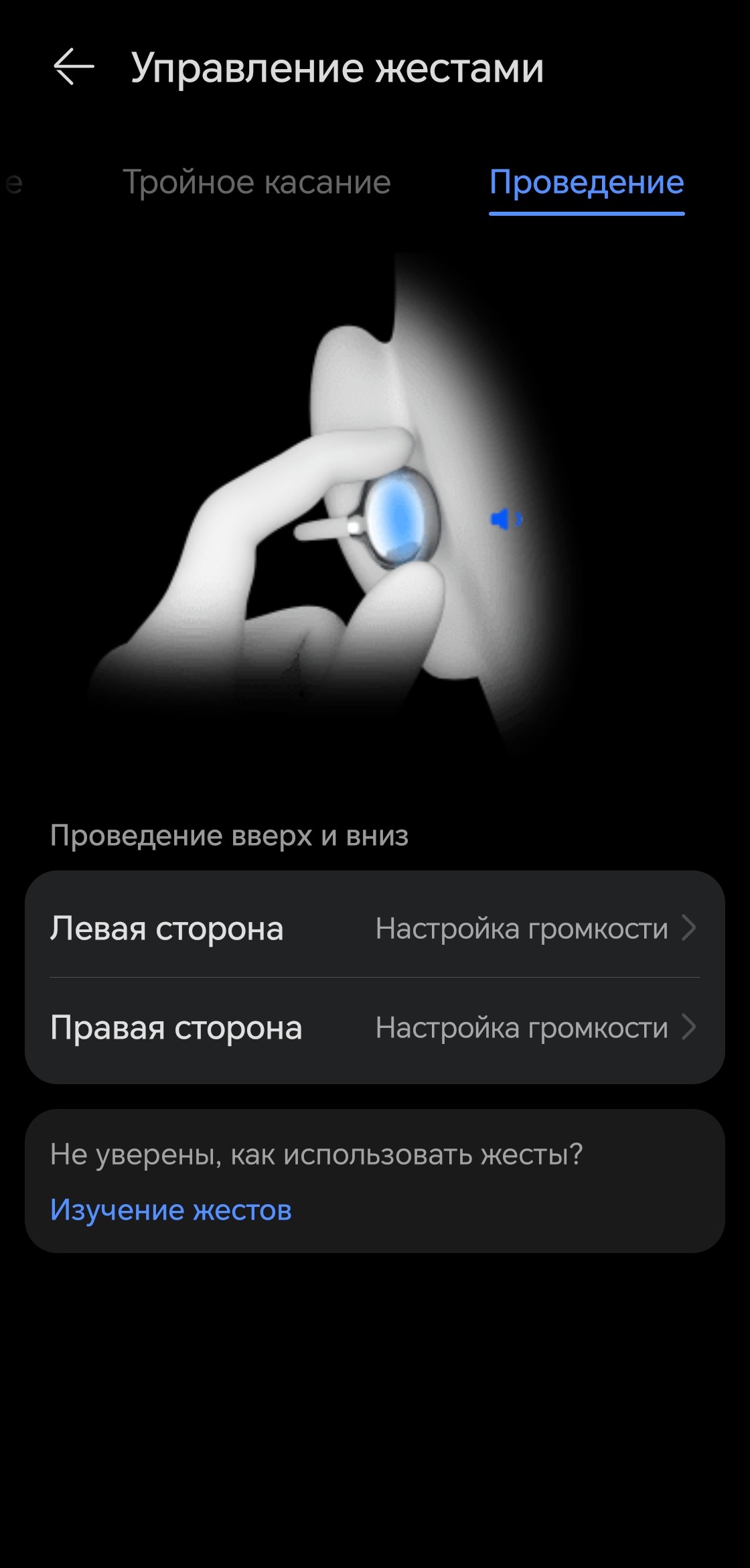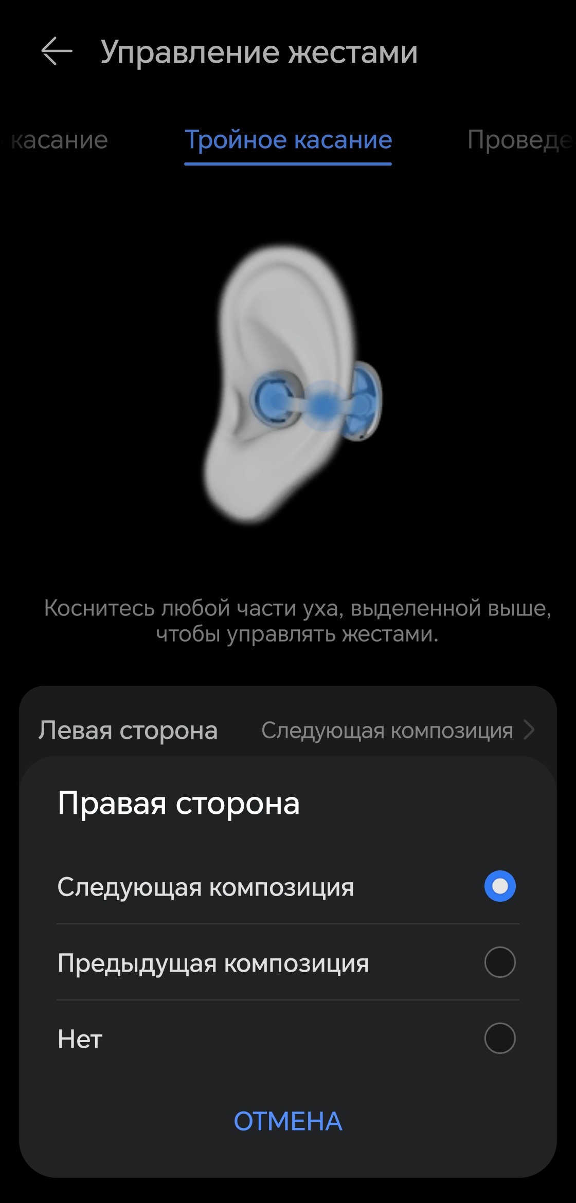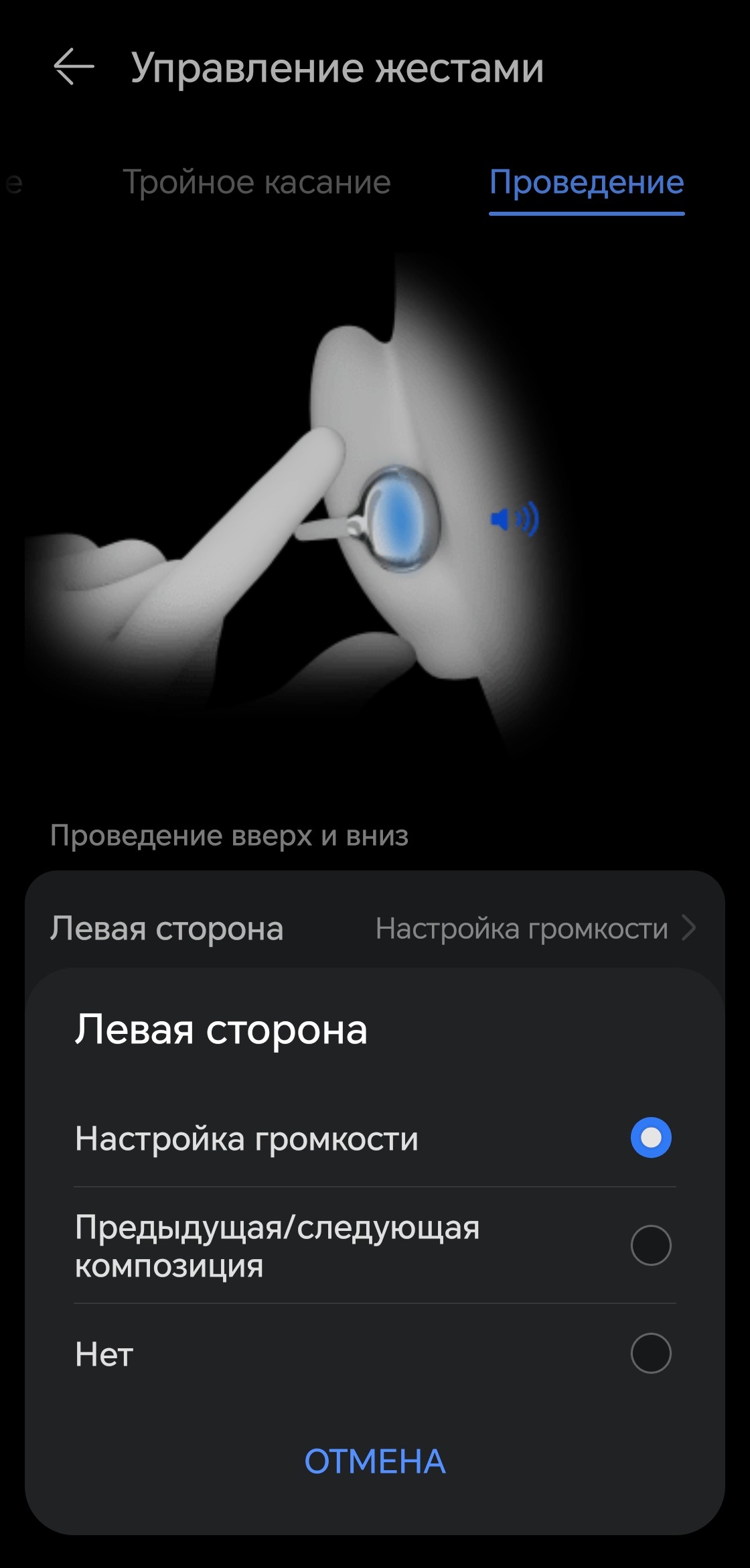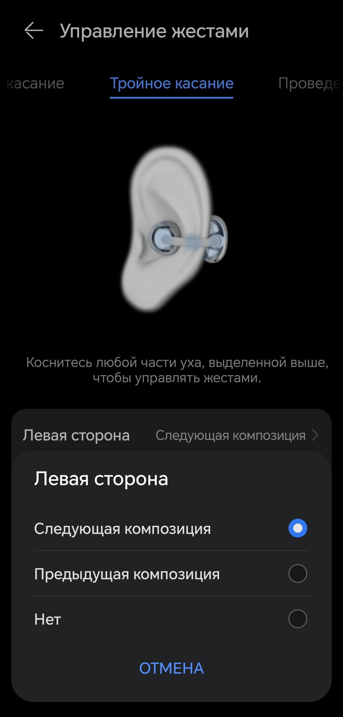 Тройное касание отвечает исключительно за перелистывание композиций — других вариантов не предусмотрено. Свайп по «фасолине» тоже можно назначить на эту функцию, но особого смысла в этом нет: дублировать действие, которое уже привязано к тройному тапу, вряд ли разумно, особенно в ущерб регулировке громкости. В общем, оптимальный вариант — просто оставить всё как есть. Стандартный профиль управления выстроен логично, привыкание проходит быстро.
---
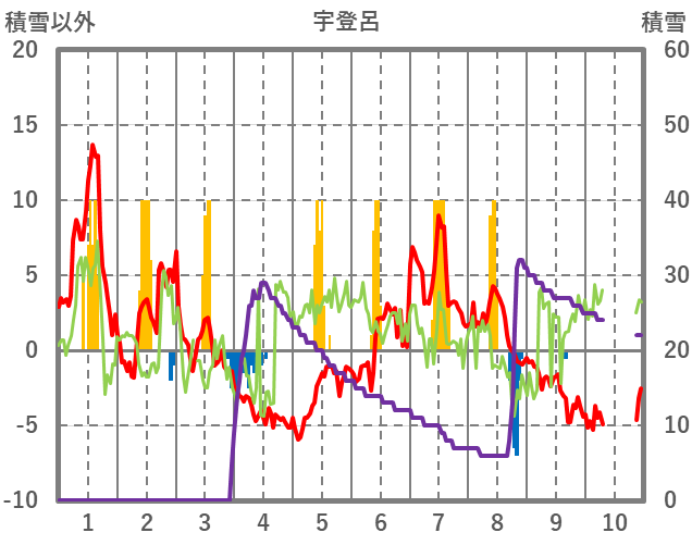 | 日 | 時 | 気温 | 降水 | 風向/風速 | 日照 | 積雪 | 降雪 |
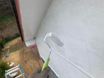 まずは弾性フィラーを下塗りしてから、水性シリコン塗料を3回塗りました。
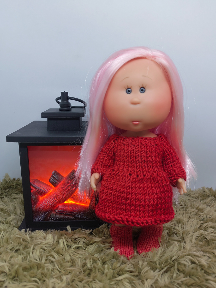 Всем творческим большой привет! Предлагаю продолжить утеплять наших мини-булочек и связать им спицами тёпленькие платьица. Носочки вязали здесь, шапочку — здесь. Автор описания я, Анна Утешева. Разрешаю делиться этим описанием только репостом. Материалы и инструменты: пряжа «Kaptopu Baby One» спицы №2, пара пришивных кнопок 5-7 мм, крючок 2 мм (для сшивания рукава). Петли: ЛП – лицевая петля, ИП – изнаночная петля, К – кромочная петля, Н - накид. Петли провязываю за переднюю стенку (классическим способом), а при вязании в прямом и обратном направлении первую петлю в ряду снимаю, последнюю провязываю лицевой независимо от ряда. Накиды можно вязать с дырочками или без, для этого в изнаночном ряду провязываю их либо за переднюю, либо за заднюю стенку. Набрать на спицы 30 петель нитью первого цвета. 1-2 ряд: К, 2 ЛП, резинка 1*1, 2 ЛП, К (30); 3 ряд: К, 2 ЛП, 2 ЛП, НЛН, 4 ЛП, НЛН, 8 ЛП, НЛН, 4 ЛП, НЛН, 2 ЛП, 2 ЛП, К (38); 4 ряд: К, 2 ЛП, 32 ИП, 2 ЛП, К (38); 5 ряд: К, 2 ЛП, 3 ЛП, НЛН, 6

**WHAT THIS TASK INVOLVES:**
Starting at the line containing "日照 | 積雪 | 降雪 |" and stopping at the line containing "Всем творческим большой", output every line above exactly, both ends included, with pictures omitted.

**SOLVED EXERCISE:**
 | 日 | 時 | 気温 | 降水 | 風向/風速 | 日照 | 積雪 | 降雪 |
 まずは弾性フィラーを下塗りしてから、水性シリコン塗料を3回塗りました。
 Всем творческим большой привет! Предлагаю продолжить утеплять наших мини-булочек и связать им спицами тёпленькие платьица. Носочки вязали здесь, шапочку — здесь. Автор описания я, Анна Утешева. Разрешаю делиться этим описанием только репостом. Материалы и инструменты: пряжа «Kaptopu Baby One» спицы №2, пара пришивных кнопок 5-7 мм, крючок 2 мм (для сшивания рукава). Петли: ЛП – лицевая петля, ИП – изнаночная петля, К – кромочная петля, Н - накид. Петли провязываю за переднюю стенку (классическим способом), а при вязании в прямом и обратном направлении первую петлю в ряду снимаю, последнюю провязываю лицевой независимо от ряда. Накиды можно вязать с дырочками или без, для этого в изнаночном ряду провязываю их либо за переднюю, либо за заднюю стенку. Набрать на спицы 30 петель нитью первого цвета. 1-2 ряд: К, 2 ЛП, резинка 1*1, 2 ЛП, К (30); 3 ряд: К, 2 ЛП, 2 ЛП, НЛН, 4 ЛП, НЛН, 8 ЛП, НЛН, 4 ЛП, НЛН, 2 ЛП, 2 ЛП, К (38); 4 ряд: К, 2 ЛП, 32 ИП, 2 ЛП, К (38); 5 ряд: К, 2 ЛП, 3 ЛП, НЛН, 6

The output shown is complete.